======== DATA

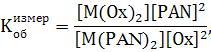 приведенные в таблице 4, измерены следующим образом. По светопоглощению комплексов с PAN определяли их концентрацию и вычитанием ее с общей концентрации металла находили концентрацию M(Ox)2. Из начальных концентраций реагентов c(PAN) и c(Ox) находили их равновесные концентрации, учитывая расход на комплексообразование, и рассчитывали подставляя значения всех концентраций
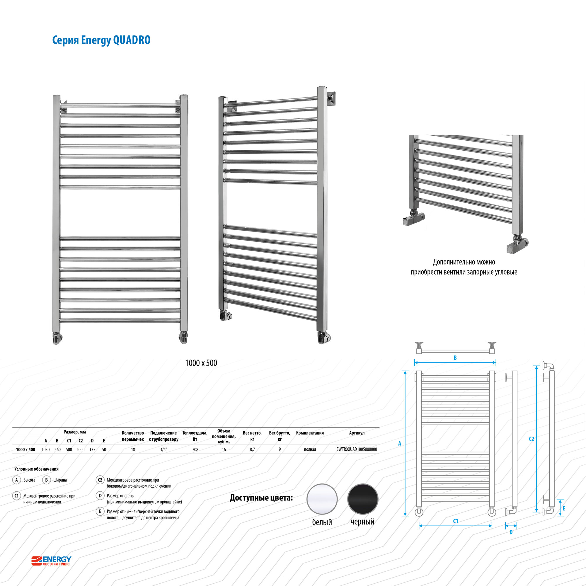 Купить Полотенцесушитель водяной Energy Quadro 1000x500 хром, полированная нержавеющая сталь, тип лесенка, подключение 3/4"
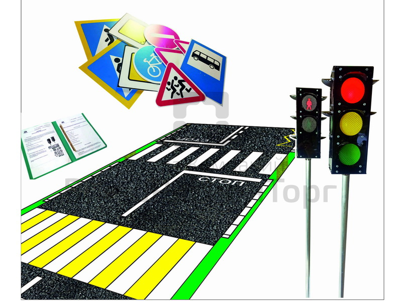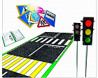 Комплектация включает ключевые элементы, необходимые для изучения базовых понятий, таких как светофорные сигналы, дорожные знаки и разметка.
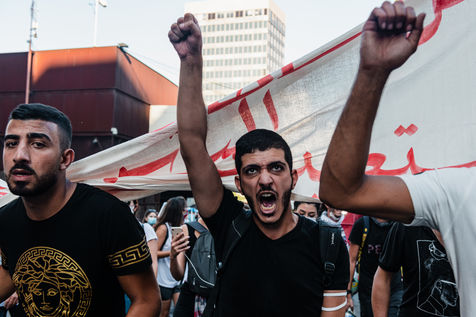 Thousands of Lebanese demonstrated in the streets of Beirut to mark the first anniversary of the anti-corruption protest movement. The march started from Martyrs Square and moved to the Hamra district. At the end of the day, the demonstrators gathered at the port where sculptures have been installed in tribute to the victims of the double explosion of August 4th. Beirut, October 17, 2020.

================

== WORK REQUIRED ==
Your task is to retype, exactly and only, the lines from the line holding "Комплектация включает ключевые" through the final line of the data above, with both ends kept. Drop the pictures.

== EXERCISE SOLUTION ==
 Комплектация включает ключевые элементы, необходимые для изучения базовых понятий, таких как светофорные сигналы, дорожные знаки и разметка.
 Thousands of Lebanese demonstrated in the streets of Beirut to mark the first anniversary of the anti-corruption protest movement. The march started from Martyrs Square and moved to the Hamra district. At the end of the day, the demonstrators gathered at the port where sculptures have been installed in tribute to the victims of the double explosion of August 4th. Beirut, October 17, 2020.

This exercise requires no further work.